WHAT NEEDS TO BE DONE:
Leaving the pictures out, transcribe the records below exactly.

(Records from a data collection)
--*--

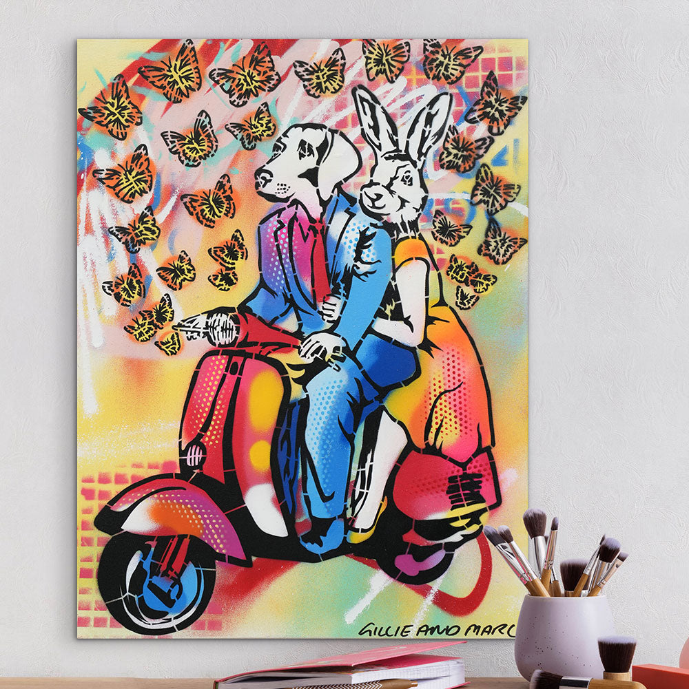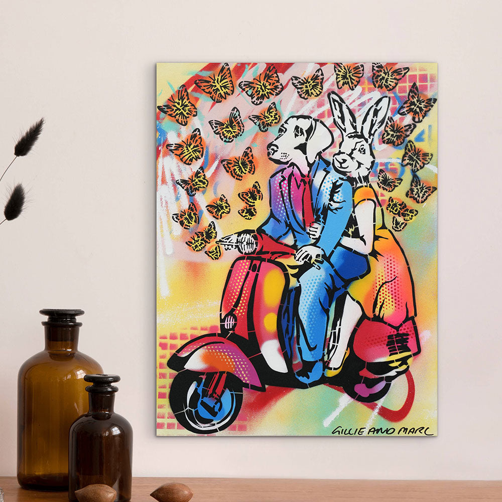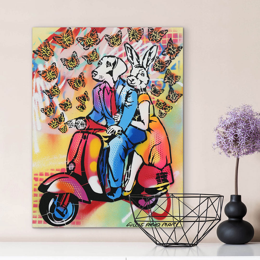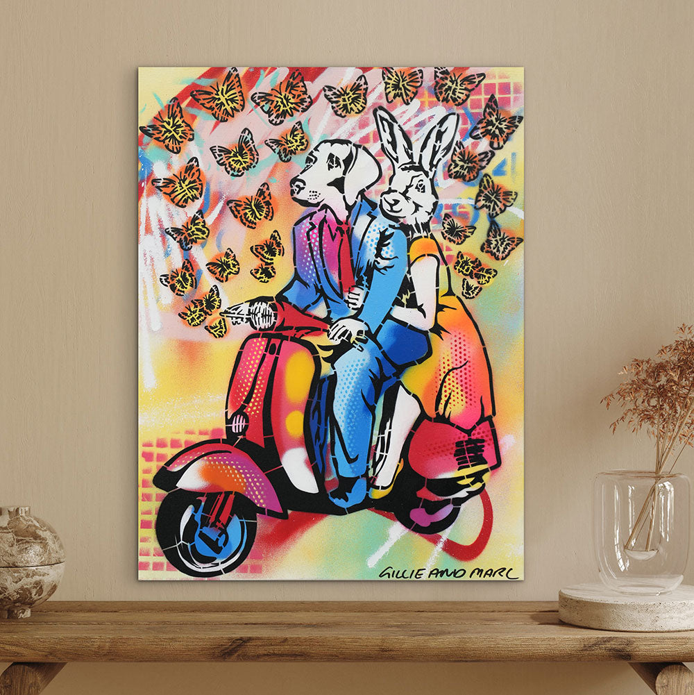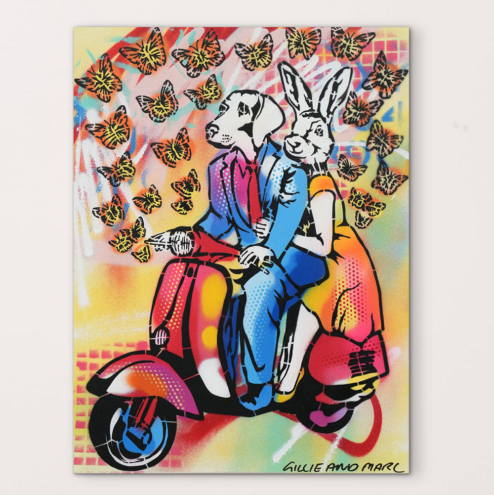 Description The Iconic Escape captures Rabbitwoman and Dogman in a moment of exhilaration and joy as they speed off into a dreamscape filled with glowing butterflies. The scooter ride becomes symbolic of freedom and spontaneity, while the neon palette and spray-paint textures evoke urban energy and pop art rebellion. Wrapped in vibrant colors and movement, the duo’s carefree escape feels both timeless and iconic—a celebration of love, adventure, and the thrill of the ride.
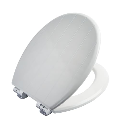 BEMIS Chicago Ultra-Fix White Toilet Seat. Soft Close Toilet Seat with Easy Lift Chrome Plated Hinges. Wooden Material for Easy Clean, Universal & Easy Installation, White
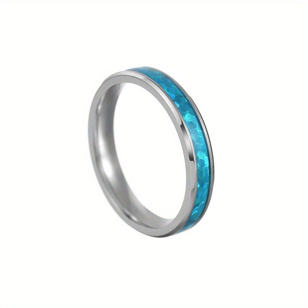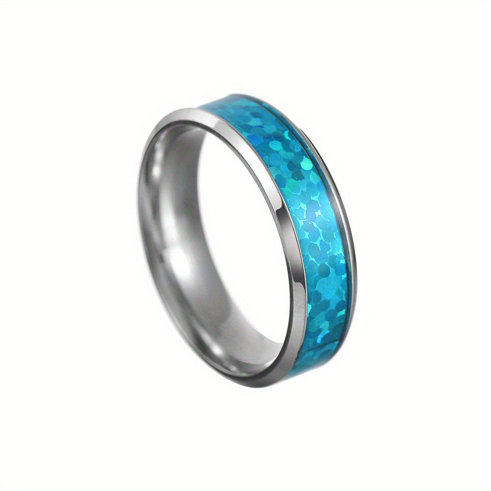 This stainless steel ring features a fire opal inlay, perfect for weddings and engagements. Available in sizes 4, 6, and 8mm.
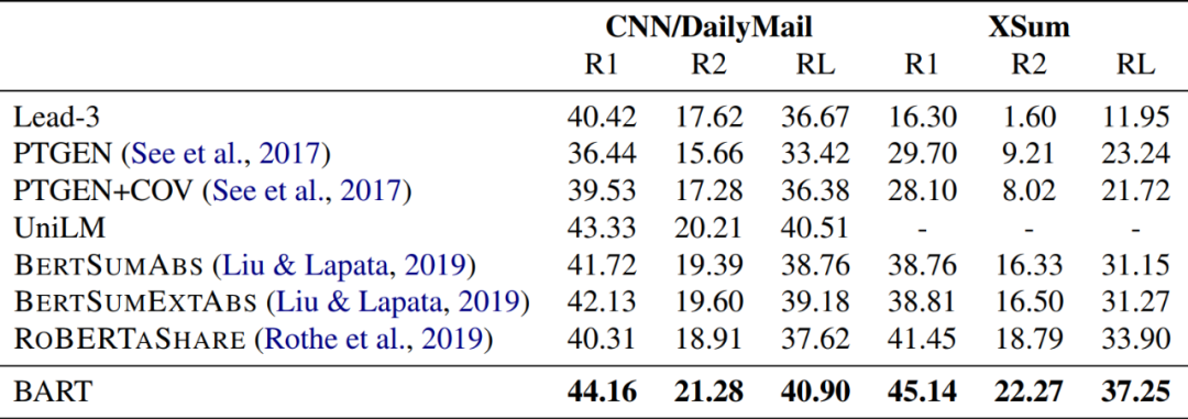Table 2:Large版模型在 SQuAD 和 GLUE 上的实验结果。BART 的效果可比肩 RoBERTa 和 XLNet,这表明 BART 的单向decoder层并不会降低模型在判别任务上的性能。
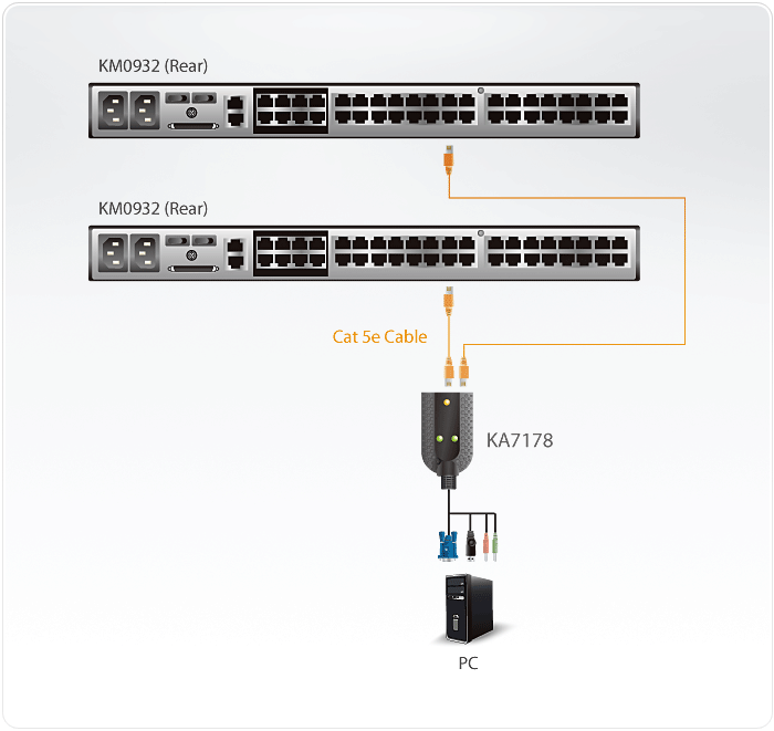 The KA7178 KVM Adapter Cable connects the KVM switch to the video, USB and audio ports of the target computer. In addition to Virtual Media support, it provides two Cat 5e/6 connectors, allowing a computer to connect to two ALTUSEN Matrix KVM switches. This allows consoles on different switches access to the same computer.
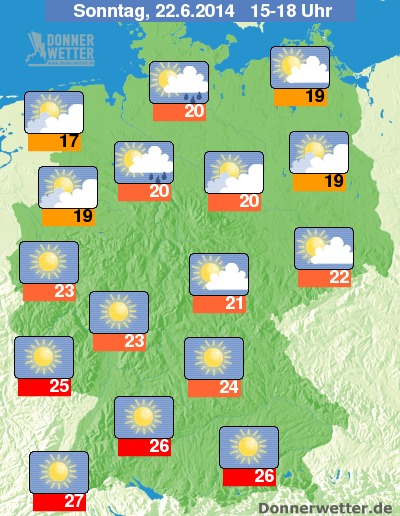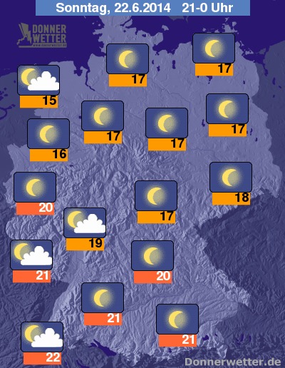 Am Abend ist es auch im Norden und Osten weitgehend locker bewölkt oder klar und es bleibt ebenfalls hier trocken. Dazu liegen die Abendwerte bei teils noch 22 Grad im Breisgau und bei etwa 15 Grad an der niederländischen Grenze.
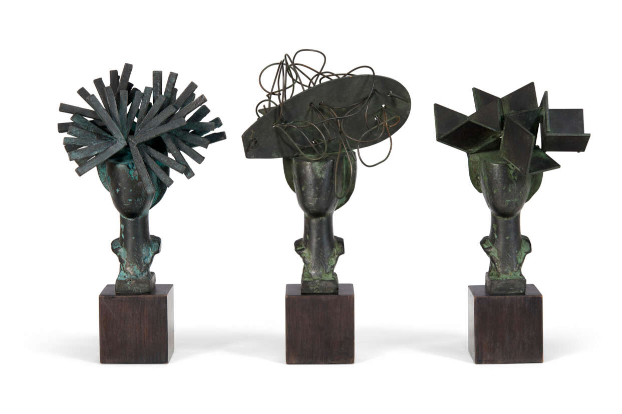 the complete set of three bronze multiples, on wooden base, 2006, with the artist's incised initials, numbered 26/150, published by Art Witness, Boza Editor, Madrid, each in very good condition
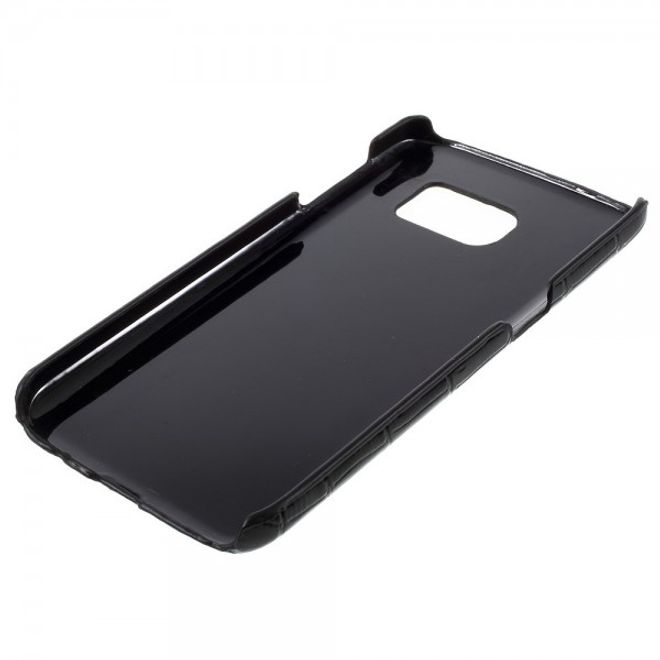 Samsung Galaxy S7 Hart Plastik Case Hülle mit lederartiger Oberfläche und Krokodilmuster - schwarz
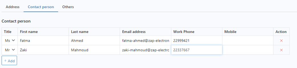 To add multiple contact persons, click on “Contacting Person,” then “Add,” and fill in the required data.

--*--

RESULT OF THIS TASK:
 Description The Iconic Escape captures Rabbitwoman and Dogman in a moment of exhilaration and joy as they speed off into a dreamscape filled with glowing butterflies. The scooter ride becomes symbolic of freedom and spontaneity, while the neon palette and spray-paint textures evoke urban energy and pop art rebellion. Wrapped in vibrant colors and movement, the duo’s carefree escape feels both timeless and iconic—a celebration of love, adventure, and the thrill of the ride.
 BEMIS Chicago Ultra-Fix White Toilet Seat. Soft Close Toilet Seat with Easy Lift Chrome Plated Hinges. Wooden Material for Easy Clean, Universal & Easy Installation, White
 This stainless steel ring features a fire opal inlay, perfect for weddings and engagements. Available in sizes 4, 6, and 8mm.
Table 2:Large版模型在 SQuAD 和 GLUE 上的实验结果。BART 的效果可比肩 RoBERTa 和 XLNet,这表明 BART 的单向decoder层并不会降低模型在判别任务上的性能。
 The KA7178 KVM Adapter Cable connects the KVM switch to the video, USB and audio ports of the target computer. In addition to Virtual Media support, it provides two Cat 5e/6 connectors, allowing a computer to connect to two ALTUSEN Matrix KVM switches. This allows consoles on different switches access to the same computer.
 Am Abend ist es auch im Norden und Osten weitgehend locker bewölkt oder klar und es bleibt ebenfalls hier trocken. Dazu liegen die Abendwerte bei teils noch 22 Grad im Breisgau und bei etwa 15 Grad an der niederländischen Grenze.
 the complete set of three bronze multiples, on wooden base, 2006, with the artist's incised initials, numbered 26/150, published by Art Witness, Boza Editor, Madrid, each in very good condition
 Samsung Galaxy S7 Hart Plastik Case Hülle mit lederartiger Oberfläche und Krokodilmuster - schwarz
 To add multiple contact persons, click on “Contacting Person,” then “Add,” and fill in the required data.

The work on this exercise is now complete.